— What is being asked —
Give back every line of the data exactly. Pictures are not part of the copy.

— Data shown —
__________________________________________________

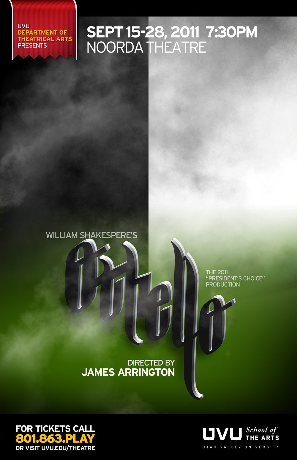 For the Othello poster, the concept was intensionally simple, playing off the black and white motifs from the play. The logo design was created with a black side and a white side to continue the same design ideas. To keep an aire of the military aspect of the play, the use of an "army" type green was incorporated as well.
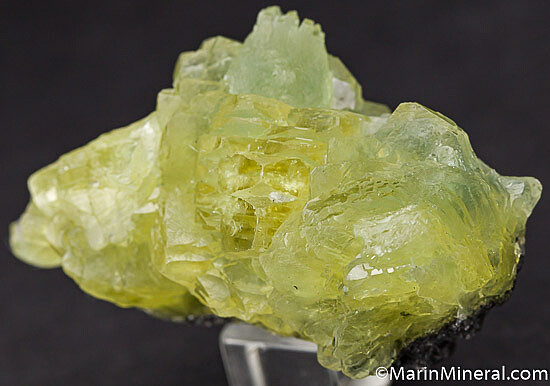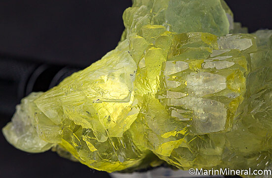 Large translucent Prehnite crystals with strong lemon yellow color from recent finds at Merelani. This has large, chunky crystals typical of the recent material from Merelani, already some of the world's best Prehnite
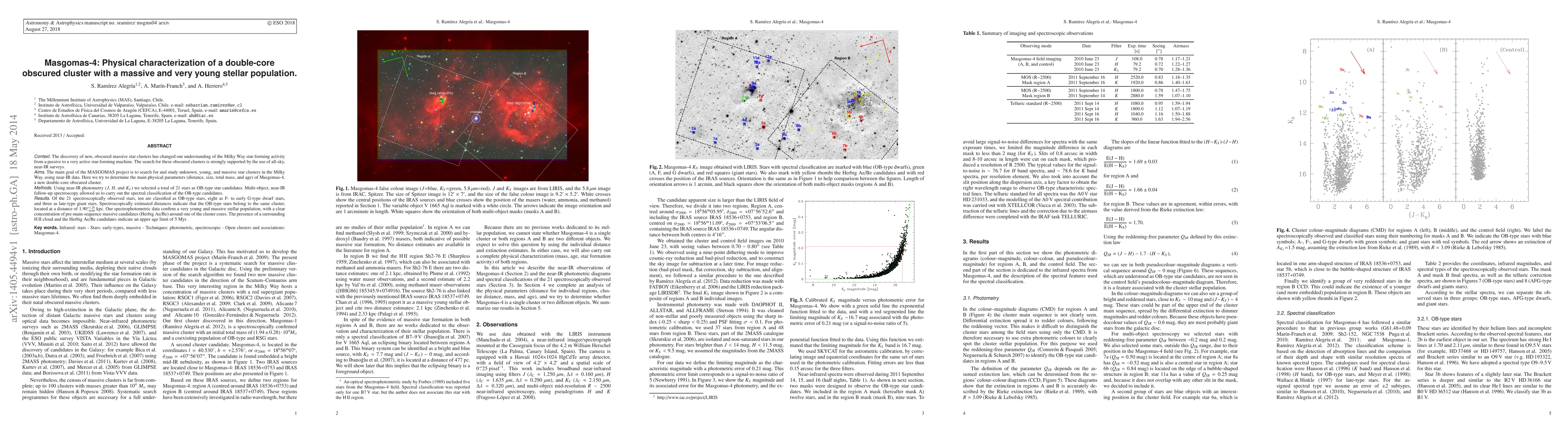 The Masgomas-4 cluster, discovered via near-IR surveys, is a double-core obscured cluster with a massive and very young stellar population, located at a distance of 1.90 kpc, featuring OB-type stars and pre-main-sequence Herbig Ae/Be stars, indicating an age of no more than 5 Myr.

__________________________________________________

— Your solution —
 For the Othello poster, the concept was intensionally simple, playing off the black and white motifs from the play. The logo design was created with a black side and a white side to continue the same design ideas. To keep an aire of the military aspect of the play, the use of an "army" type green was incorporated as well.
 Large translucent Prehnite crystals with strong lemon yellow color from recent finds at Merelani. This has large, chunky crystals typical of the recent material from Merelani, already some of the world's best Prehnite
 The Masgomas-4 cluster, discovered via near-IR surveys, is a double-core obscured cluster with a massive and very young stellar population, located at a distance of 1.90 kpc, featuring OB-type stars and pre-main-sequence Herbig Ae/Be stars, indicating an age of no more than 5 Myr.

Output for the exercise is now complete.